Altro caso recentemente tornato alla ribalta riguarda la calciatrice dello Zambia Barbra Banda. Durante le recenti partite amichevoli di calcio contro la Svizzera e la Germania, l’attaccante ha nuovamente attirato l’attenzione del pubblico per le sue ottime prestazioni e i tanti gol. Ma a causa dei suoi alti livelli di testosterone, la 23enne calciatrice è anch’essa oggetto di controversie.

Già alle Olimpiadi del 2021, Barbra Banda ha fatto notizia segnando una raffica di gol. L’attaccante dello Zambia è stata ritenuta da più parti un uomo. Non le è così stato permesso di giocare alla Coppa d’Africa del 2022. La sua idoneità le era stata revocata poco prima dell’inizio del torneo.

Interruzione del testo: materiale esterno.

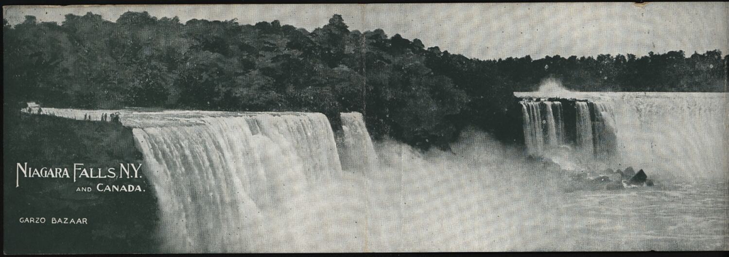 'Niagara Falls, N.Y. and Canada' is a long postcard of the Niagara Falls in New York, U.S.A. and Ontario, Canada from 1911. The postcard folds into three parts. On one side of the postcard a black and white picture by Garzo Bazaar of the Falls is printed, while the other side of the post card is left blank to be written on.
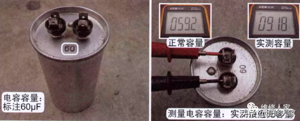 原配电容上面标注60,表示容量为60UF,本机电容的铭牌标识位于下部,使用万用表电容挡,表笔直接测量两端,正常容量应为60UF,而实测容量不足10UF,说明压缩机电容接近无容量损坏。
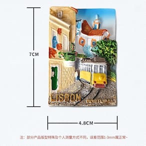Material: Resina Tamanho: 4,8 x 7 cm Peso: 60 g Paisagem urbana vibrante de Lisboa: apresenta arquitetura icônica de Lisboa, um bonde e uma vegetação exuberante para uma representação colorida e detalhada da cidade. Material de resina de alta qualidade: feito de resina durável, este ímã de geladeira é resistente e duradouro. Lembrança perfeita: uma lembrança imperdível de Portugal, capturando o charme de Lisboa em um design 3D lindamente elaborado. Uso versátil: ideal para decorar geladeiras, armários, quadros brancos ou qualquer superfície metálica em sua casa, cozinha ou escritório. Compacto e leve: medindo 4,8 x 7 cm e pesando 60 g, tem o tamanho perfeito para facilitar a colocação em qualquer superfície magnética.
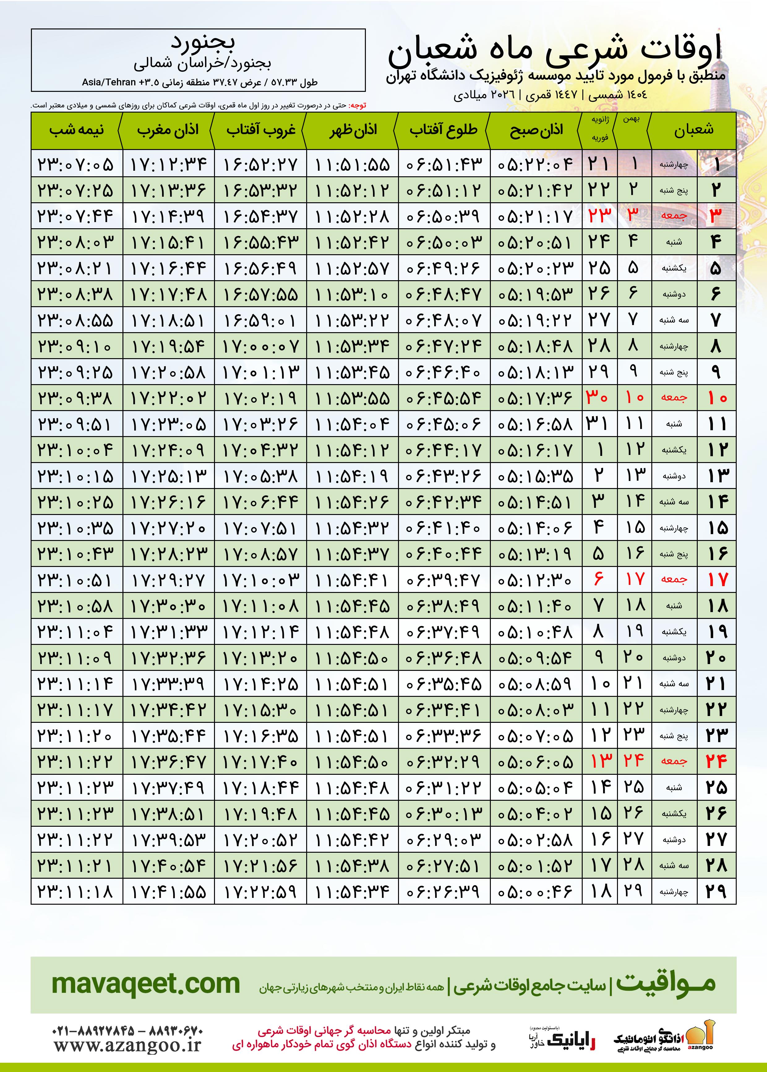 اوقات شرعی ماه شعبان ١٤٤٧ هـ.ق شهر بجنورد بر
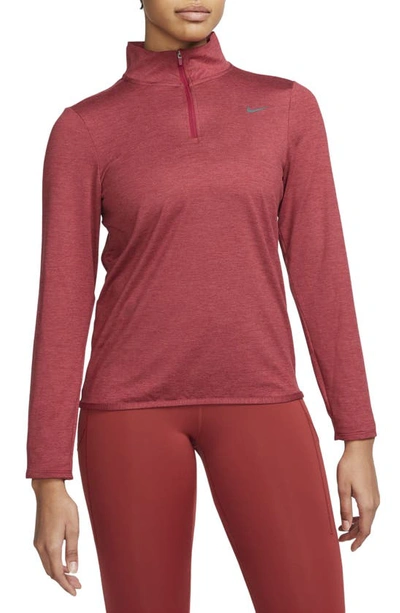 Whether it's a chill in the air or powerful rays, this easy-fitting 1/4-zip top is ready to support you on your run. Sweat-wicking tech helps keep you comfortable and dry, and UV protection adds extra coverage so you can feel confident as you log your daily miles. Benefits: Nike Dri-FIT technology moves sweat away from your skin for quicker evaporation, helping you stay dry and comfortable. Zip pocket on left hip holds your essentials. Thumbholes let you extend your coverage and help hold the sleeves in place while you move. Product Details: 88% polyester/12% spandex. Machine wash. Imported. This product provides UVA and UVB protection from the sun only in the areas covered by the garment. To protect exposed areas, the use of good quality sunscreen is recommended. Reflective elements. Not intended for use as Personal Protective Equipment (PPE). Style: FB4316; Color: Noble Red/Cedar/Heather; Size: 2XL; Gender: Female; Age Group: Adult | Nike Dri-FIT Swift Element UV Women's 1/4-Zip Running Top in Red, Size: 2XL | FB4316-620
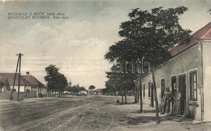Búcs, Búce, Búc; Kiss utca, üzlet / Mala ulica / street view with shop (EK)
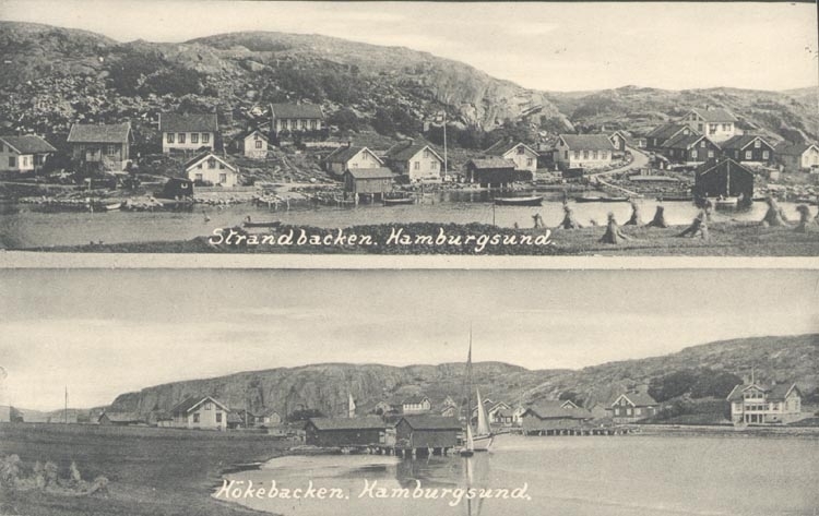 Tryckt text på kortet: "Strandbacken, Hamburgsund".
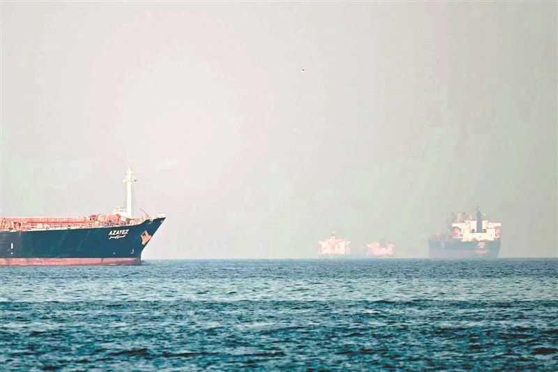 伊朗告訴聯合國,「非敵對」船隻可通行荷莫茲海峽。圖為2月25日阿聯北部外海,可見幾艘貨船和油輪在荷莫茲海峽上。圖/法新社
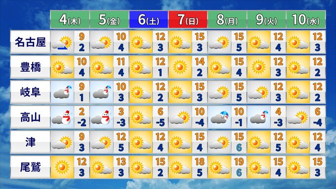 明後日金曜日は、岐阜県を中心に雪や雨が降り、名古屋にも雨雲が流れ込む時間帯がありそうです。週末は広く晴れて、お出かけ日和となる地域が多いでしょう。
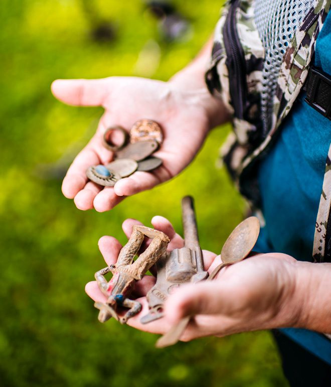 “Michael quite literally listens as he painstakingly traverses the property with his equipment, listening for the sound of iron and other metals buried inches below his feet. He uncovers clues to how the people here before us lived, worked and played,” Beard says. “Few people write or document their everyday lives on paper, so we are left with physical clues that Mike uncovers.”

Secondo il presidente della federazione zambiana Andrew Kamanga, i criteri stabiliti dalla Confederazione Africana di Calcio (CAF) non sono stati soddisfatti. Come hanno riportato i media, i livelli di testosterone di Banda erano più alti del consentito.

Gli zambiani hanno criticato la Confederazione Africana di Calcio rea secondo loro di porre regole molto più rigorose rispetto a quelle delle Olimpiadi, dove a Banda è stato permesso di giocare. Fatto sta che la massima istanza calcistica, la FIFA, si è pronunciata sul “caso Barbra Banda”, annunciando che la giocatrice potrà partecipare ai Mondiali in Australia e Nuova Zelanda in programma dal 20 luglio 2023 al 20 agosto.

Non sarebbe il caso che CIO, FIFA, CAF, World Athletics e tutte le altre federazioni sportive utilizzassero gli stessi parametri per giudicare se un’atleta possa o meno gareggiare o giocare con le donne? Non si incorrerebbe nei casi spiacevoli di Semenya o Banda o di chi potrà arrivare in futuro.